Une fois la boulangerie mise sur pied, l’investisseur aura dès le premier mois d’activité à faire face
à plusieurs charges d’exploitation dont le loyer, les salaires, les coûts de l’énergie et les achats de
matières premières. Un local de 200 m2 peut être loué à 10000 DH mensuellement, soit 120 000
DH par an. Il faut ensuite compter au moins 20 employés dont 2 vendeuses, 2 femmes de
ménage, une caissière et une gérante de magasin, en plus de 13 artisans pour les ateliers de
préparation avec deux shifts différents. La moitié assurant le travail pendant la journée et l’autre
moitié durant la nuit. Ces artisans sont un chef boulanger, un chef pâtissier et des aides
boulangers et pâtissiers. «Ces profils sont nécessaires pour assurer le fonctionnement de l’affaire,
or ils sont introuvables. Le marché manque cruellement de ressources compétentes dans le
domaine», déplore le propriétaire d’une boulangerie. «Même les lauréats des écoles d’hôtellerie et
de restauration sont sous-qualifiés par rapport aux exigences du consommateur», se désole-t-il.
Par conséquent, le recrutement concerne surtout les profils expérimentés. «On n’hésite pas à
débaucher du personnel auprès des concurrents en offrant une rémunération plus élevée», ajoute
notre pâtissier. En tout cas, dans notre exemple, une masse salariale de 88 000 DH par mois,
charges sociales comprises, est à prévoir, ce qui totalise un peu plus de 1MDH annuellement.

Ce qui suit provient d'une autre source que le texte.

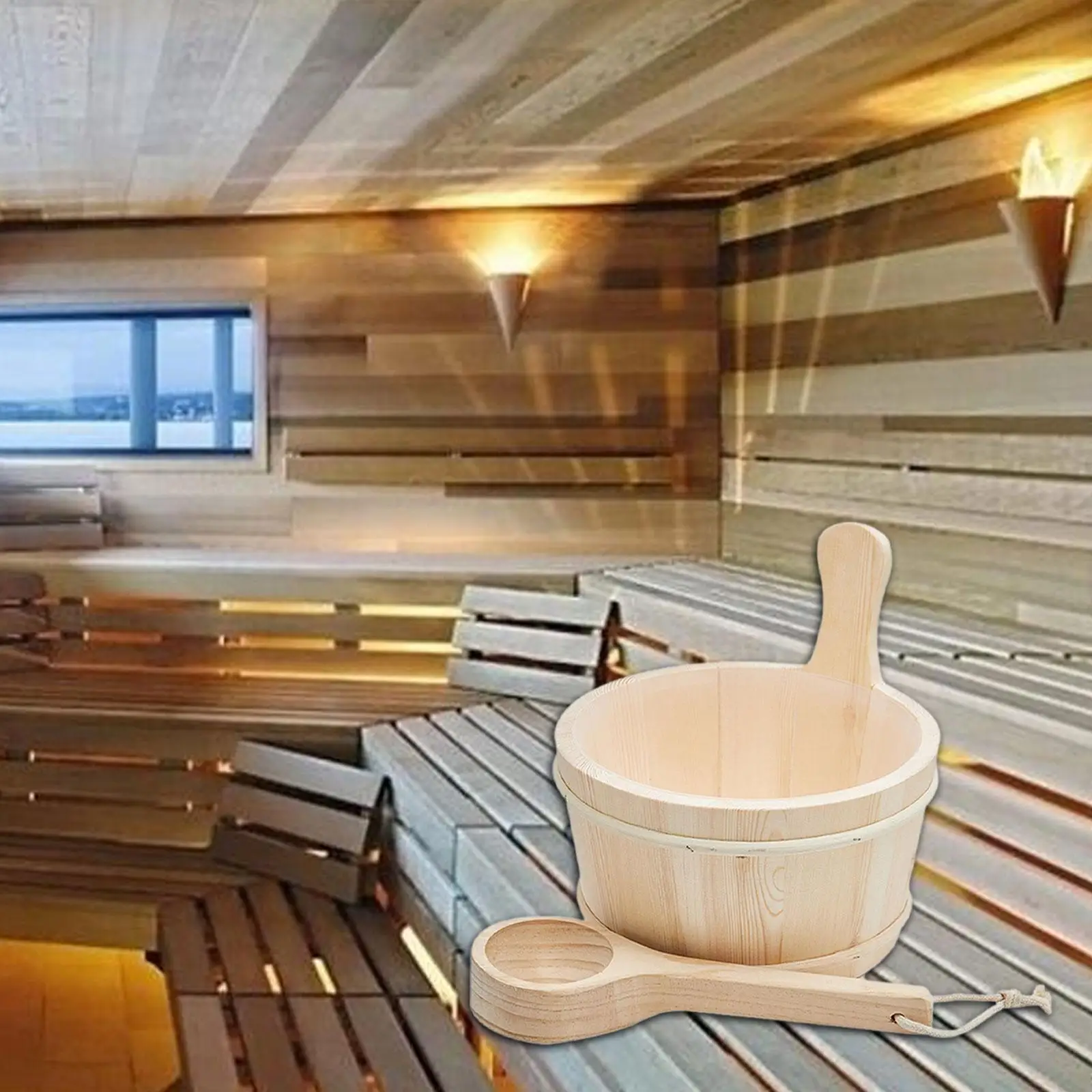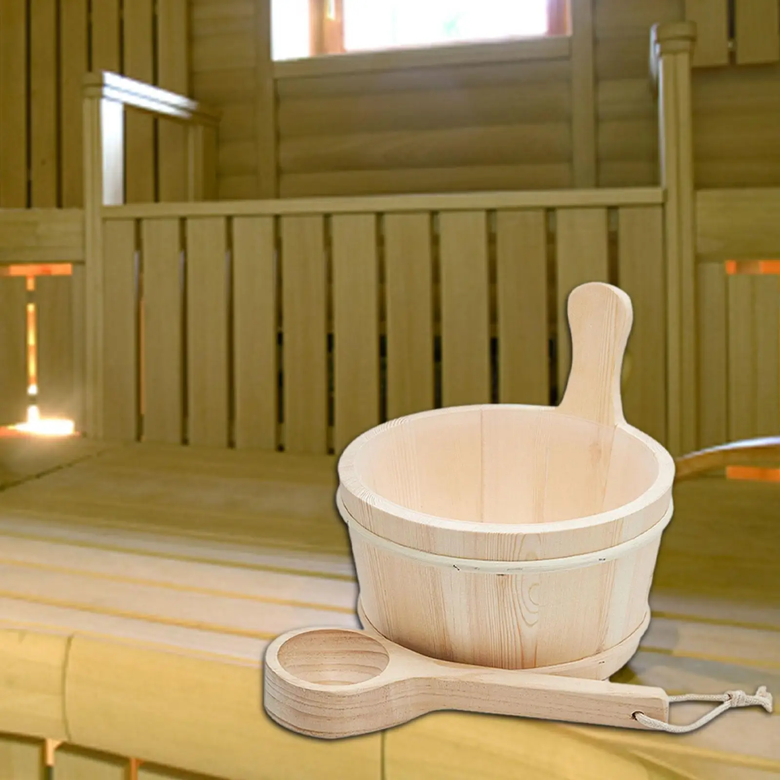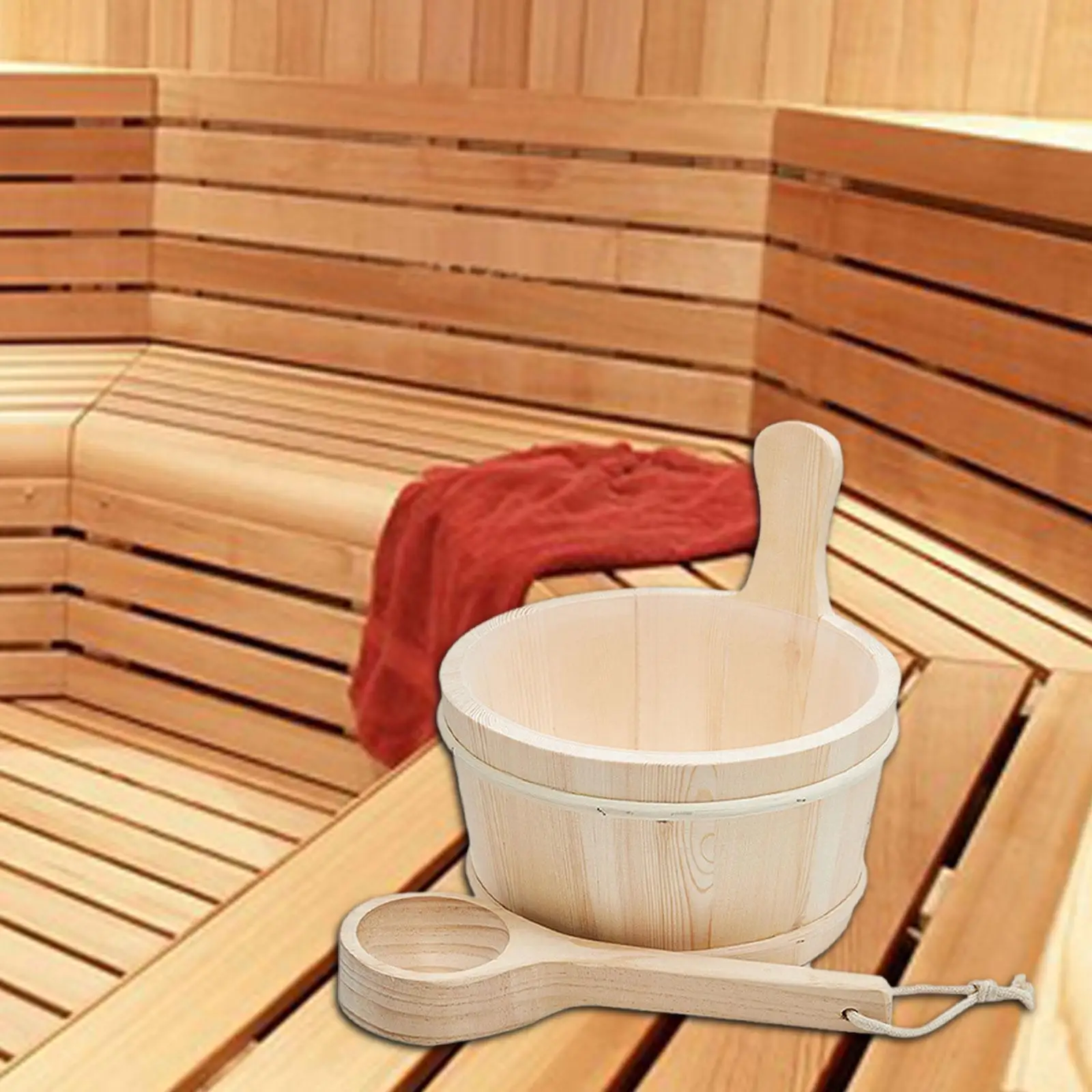 ถังซาวน่าและทัพพี ถังน้ํา อเนกประสงค์ ทนทาน พร้อมชุดอุปกรณ์จับสําหรับห้องอบไอน้ํา ศูนย์สปา บ้านฤดูหนาว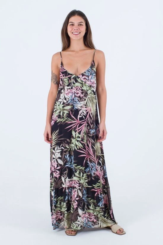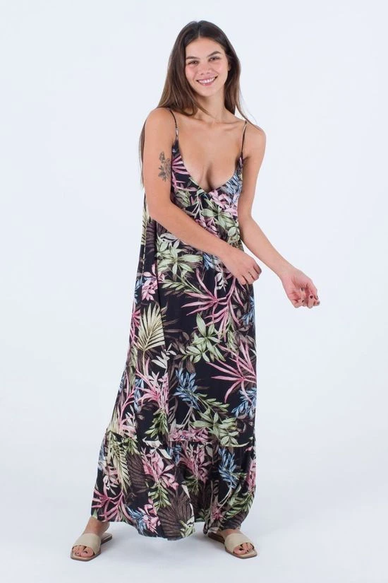 The Summer Palm Ruffle Maxi Dress is a stylish fashion companion for your summer adventures. This V neck maxi dress features a shirred flowy hem panel and a stunning floral print for ultimate casual elegance. Pair with your favourite sandals for a chic city look.

Viennent par la suite les frais relatifs à l’énergie. La consommation d’électricité peut générer une
facture de 240 000 DH par an. A y ajouter les charges relatives à l’utilisation des carburants (gaz
ou diesel) avec 60 000 DH chaque année.
Vient ensuite l’approvisionnement en matières premières, à savoir la farine, le beurre, le chocolat,
la poudre d’amande, le sucre, les œufs, la crème fraîche en plus des colorants, des glucoses…
Pour un début d’exploitation, il faut compter près de 2 500 DH par jour, ce qui augmente les
charges de 900000 DH par an. En y ajoutant un montant de 6 000 DH par mois au titre des frais
divers (outils de travail, tabliers, gants, serviettes, sachets et cartons d’emballage…) et
l’amortissement du matériel acquis, les charges d’exploitation s’élèvent à 2,6 MDH par an.
Ramadan et fin d’année sont par ailleurs des périodes propices pour consolider ses revenus. En
effet, pendant ces deux occasions, la consommation augmente sensiblement et les boulangers ne
lésinent pas sur les moyens pour produire davantage. Un boulanger rapporte qu’au moins 20% du
chiffre d’affaires annuel sont réalisés pendant ces périodes.
Dans notre exem-ple, cette activité ponctuelle peut générer un chiffre d’affaires de 250 000 DH
minimum. Ce qui porte les recettes totales de l’affaire à 3,8 MDH par an. Vu que les boulangeries-
pâtisseries bien structurées sont constituées en SARL, elles sont assujetties à l’impôt sur les
sociétés au taux de 30%. En déduisant cet impôt, l’entrepreneur peut dégager un bénéfice net de
près de 840 000 DH. Dans ce cas, la marge se situe aux alentours de 22%.
Il faut signaler que l’investisseur peut par la suite jouer sur la diversification en intégrant l’activité
de traiteur. Mais il faut au préalable développer sa notoriété sur le marché, du moins au niveau des
quartiers proches de la boulangerie. Une fois cette activité lancée, les revenus de la société
peuvent être augmentés de moitié à raison d’une moyenne de 5 000 DH par jour, soit environ 2
MDH supplémentaires par an. Par conséquent, la marge nette peut atteindre plus de 37%.